Clouds over Europe

Cloud formation and dissipation processes are still not well understood due to the complex interaction of many physical mechanisms. At the same time, clouds play an essential part in the global climate system. However, since their behavior is still not well understood, the greatest uncertainties in current climate projections are in this area. To gain a better understanding of cloud-forming processes and to study their spatiotemporal distribution, data from geostationary meteorological satellites, such as the Meteosat series of EUMETSAT, can be used. So let’s take a look at the cloud distribution over Europe from the perspective of the Meteosat Second Generation satellites (MSG).

Below you can see the VIS and IR composites of an exemplary MSG scene:

MSG satellites scan the Earth’s atmosphere every 15 minutes in 12 spectral bands (from VIS to thermal infrared):

Research objective

In this case study we want to use MSG data from 2005 and 2006 to investigate the average cloud distribution and cloud altitudes over Europe during this period. Our goal is to develop two ML models:

  • One which we can use to generate a spatially explicit cloud product for every MSG scene available

  • and another one to analyze cloud altitudes.

Due to data size issues, we will only use data from the 15th of each month at a three-hourly frequency. This ensures, that diurnal and seasonal fluctuations are still covered while reducing data size significantly.

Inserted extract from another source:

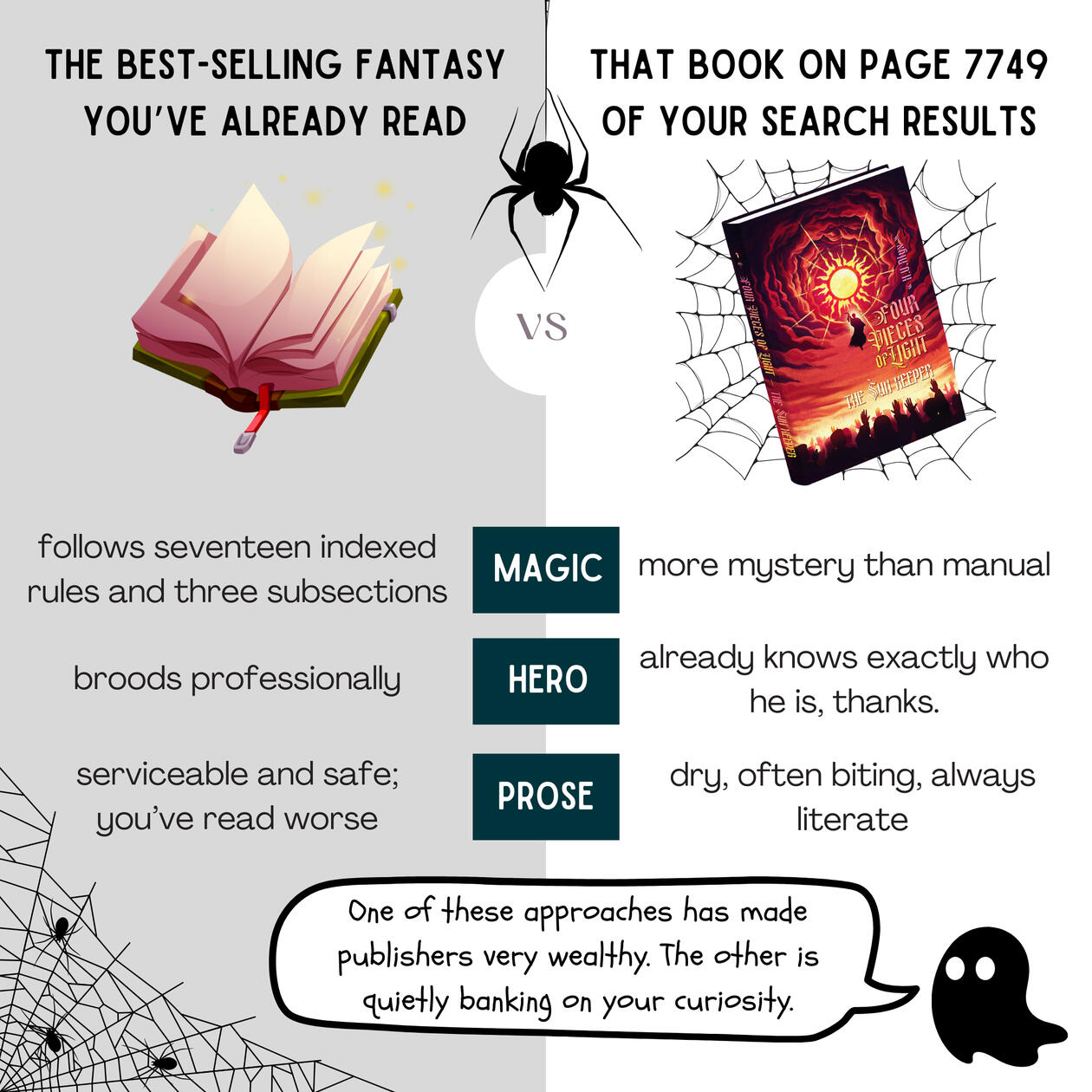 I have 500 bestsellers languishing unread on my shelves. Why should I give you a chance?Entirely fair. But if you’ve found your way here, it might mean you’re not looking for another bestseller. You might be looking for something a little more honest, or a little less algorithmically optimized. What you see on this page is what the series is. There’s a sample chapter below. If it doesn’t speak to you, you’ll have wasted five minutes you weren’t using to read War and Peace anyway. But if it does… well, wouldn’t that be something?I bought an unfinished series in 2011. It never ended. I now have a mortgage, two kids, five dogs, and a philosophical fatigue. Why should I trust you?First of all: condolences. Second of all: I’ve invented this radical new technique for finishing a series. It’s called actually writing the rest of it.Yes, the series has an actual end, and I’m writing my way there. You just have to trust me.Is there a map?No. If you get lost, that’s part of the experience. The characters aren’t always sure where they are either.Will there be romance?The spider is quite fond of the beast (off-page), if that counts.

For training and validation purposes, we’ll use METAR station data gathered at 273 European airports. At these stations, among many other variables, cloud cover and cloud altitude are recorded.

Additionally, a digital elevation model is provided:


Develop a conceptual approach for this task and discuss it in your group. Create a flowchart of all the steps necessary to implement your approach.

Ask yourself:

  • Are the data sets provided suitable to reach the goal (spatially explicit cloud product)?

  • Which problems might occur and how could you address these?